Without the pictures, print the lines from the one holding "商品名称:得一茶武夷大红袍袋装100g" through the last line below, both included, exactly as they stand.

#### [DATA PROVIDED]
^^^^
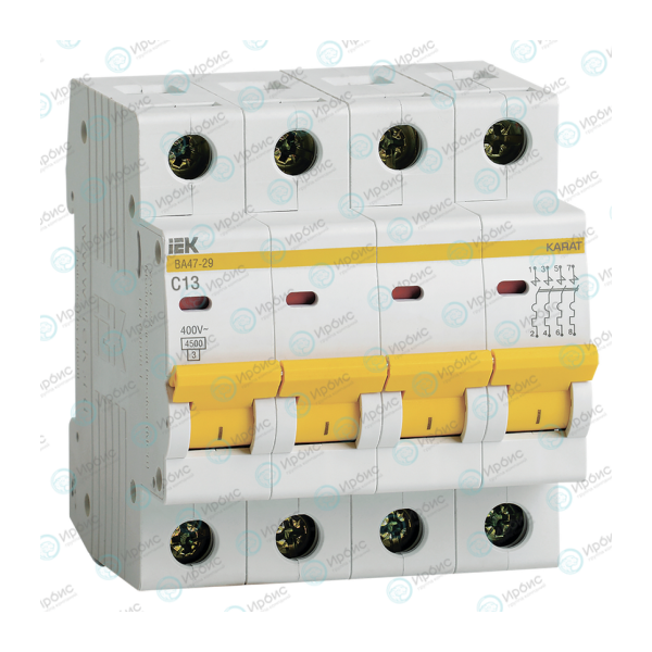 Выключатель автоматический ВА47-29 4Р 13А 4,5кА х-ка С, IEK MVA20-4-013-C
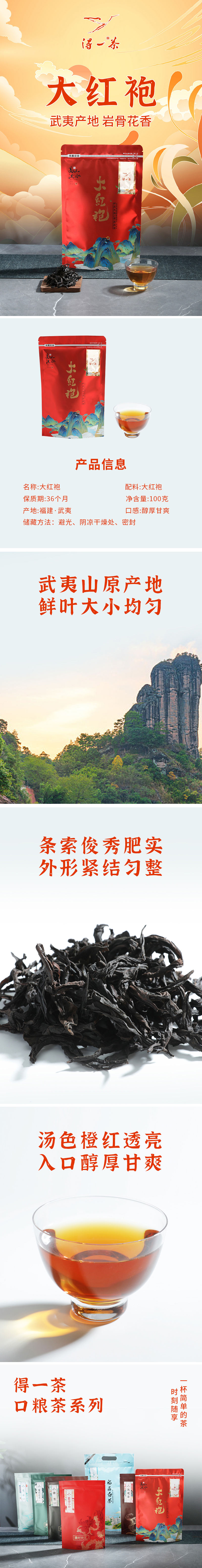 商品名称:得一茶武夷大红袍袋装100g
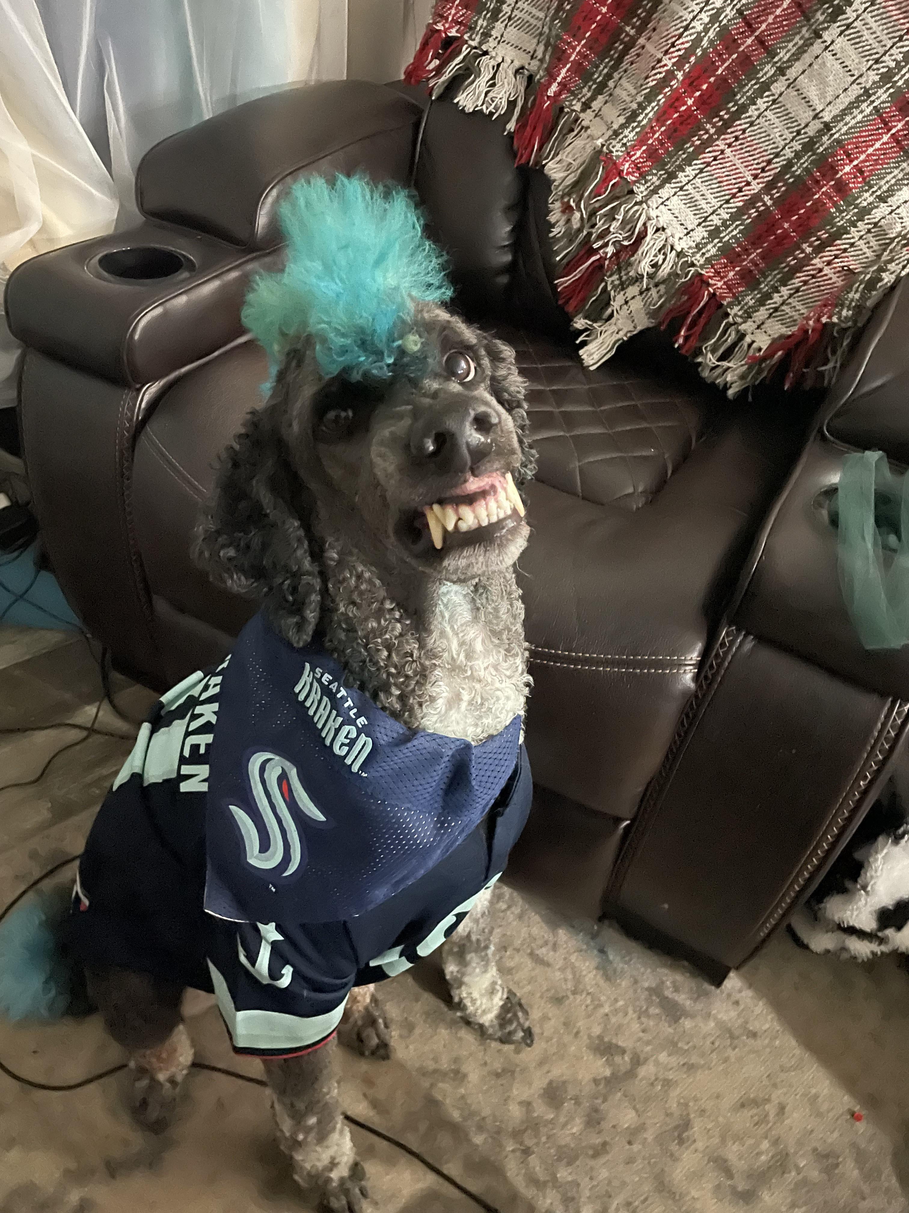 How likely do y’all think I am to nab a puck during warmups if I print a poster of my pup & his Seattle mohawk & gear? 😂
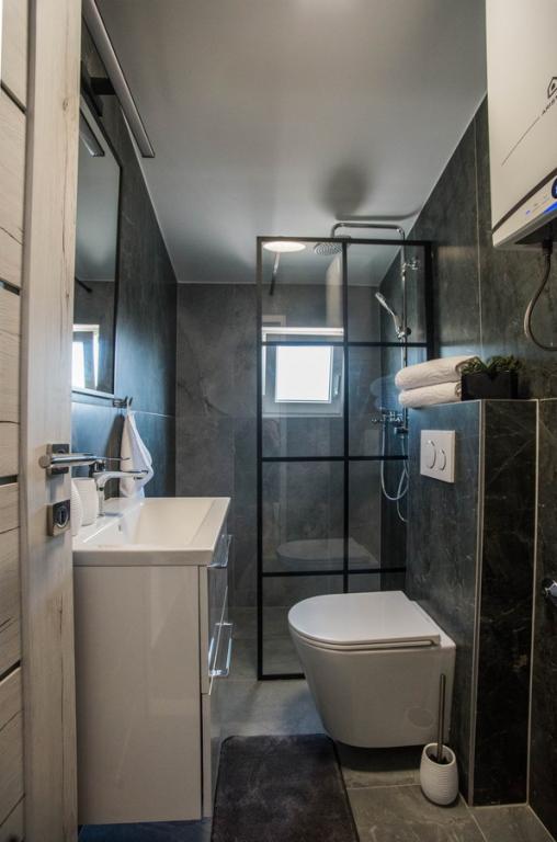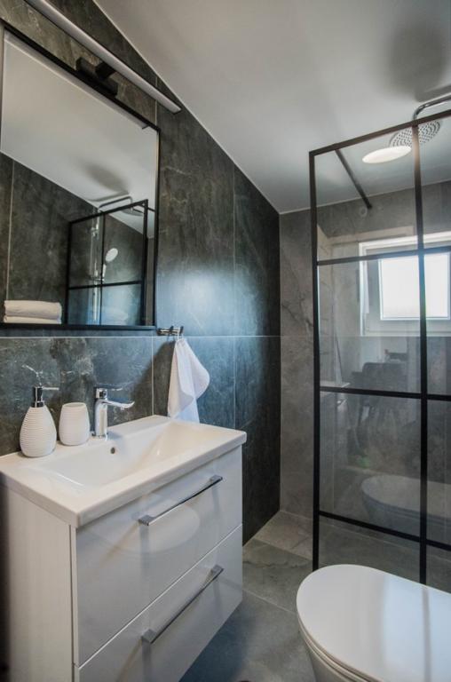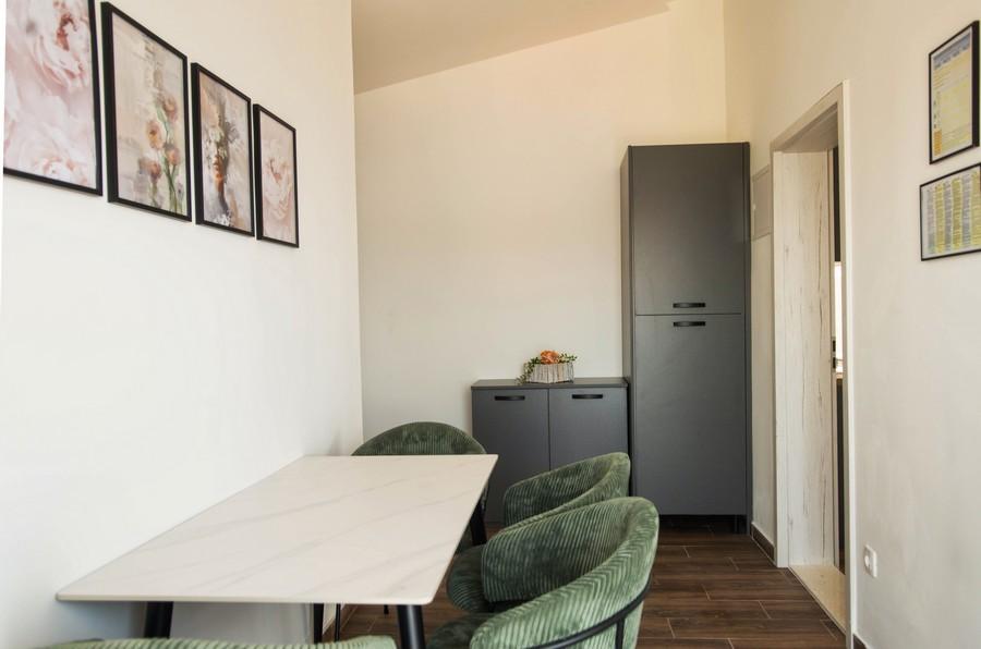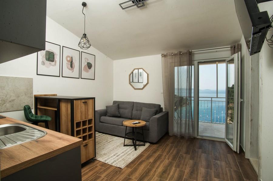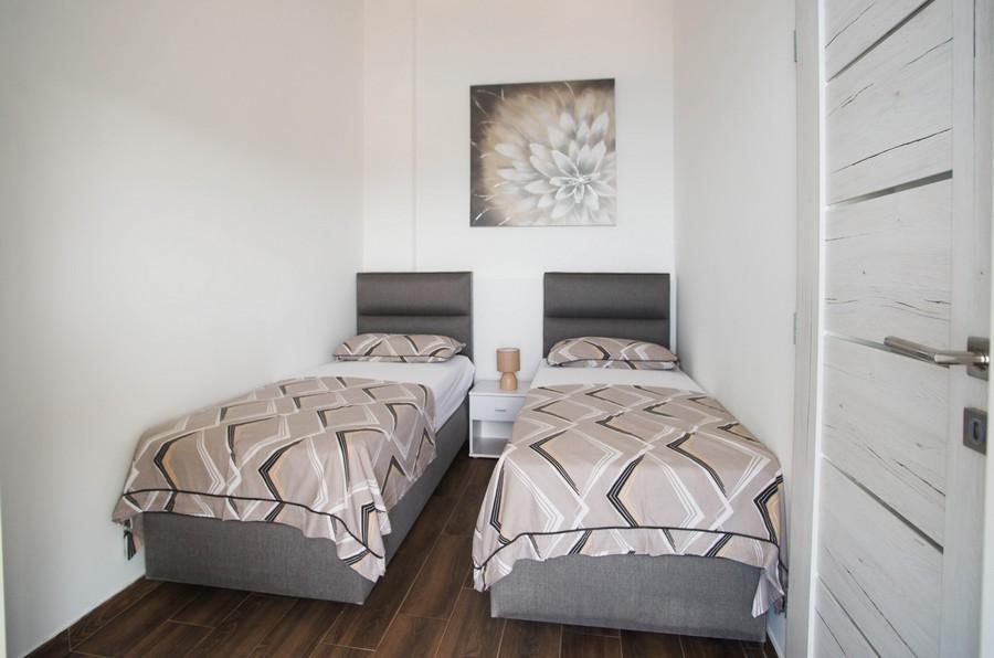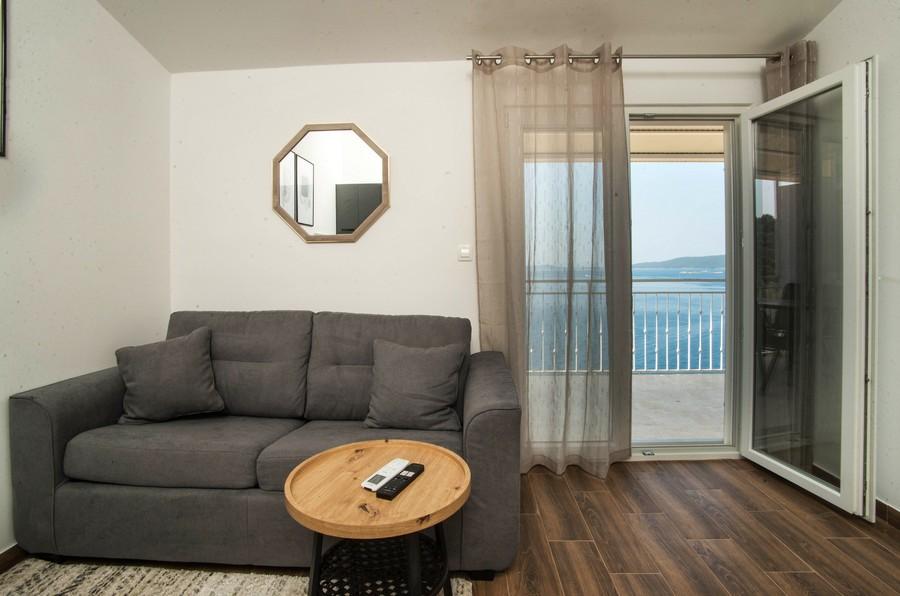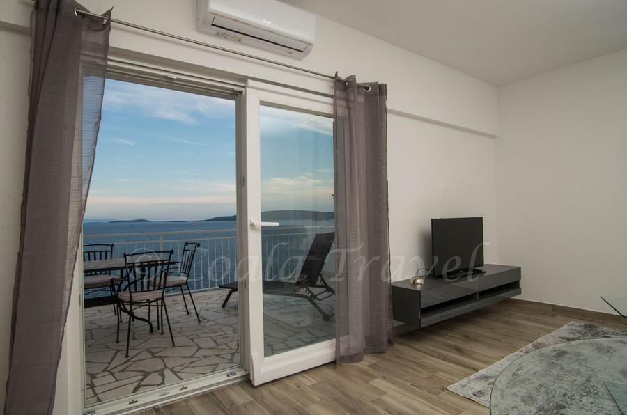 Dom apartamentowy Kristi znajduje się w spokojnej okolicy w Okrug Donji, z pięknym widokiem na morze i wyspy. 5 apartamentów i jeden wolnostojący jako oddzielny dom. Każdy apartament ma miejsce parkingowe w garażu dla każdego samochodu. Pobyt psa jest następnie obciążany opłatą w wysokości 10 € za noc. Nie ma zwrotu depozytu w przypadku rezerwacji anulowanych 40 dni lub krócej od daty przyjazdu. Pobyt psa 10 € z wcześniejszym powiadomieniem
^^^^
#### [ANSWER FOR THE TASK]
 商品名称:得一茶武夷大红袍袋装100g
 How likely do y’all think I am to nab a puck during warmups if I print a poster of my pup & his Seattle mohawk & gear? 😂
 Dom apartamentowy Kristi znajduje się w spokojnej okolicy w Okrug Donji, z pięknym widokiem na morze i wyspy. 5 apartamentów i jeden wolnostojący jako oddzielny dom. Każdy apartament ma miejsce parkingowe w garażu dla każdego samochodu. Pobyt psa jest następnie obciążany opłatą w wysokości 10 € za noc. Nie ma zwrotu depozytu w przypadku rezerwacji anulowanych 40 dni lub krócej od daty przyjazdu. Pobyt psa 10 € z wcześniejszym powiadomieniem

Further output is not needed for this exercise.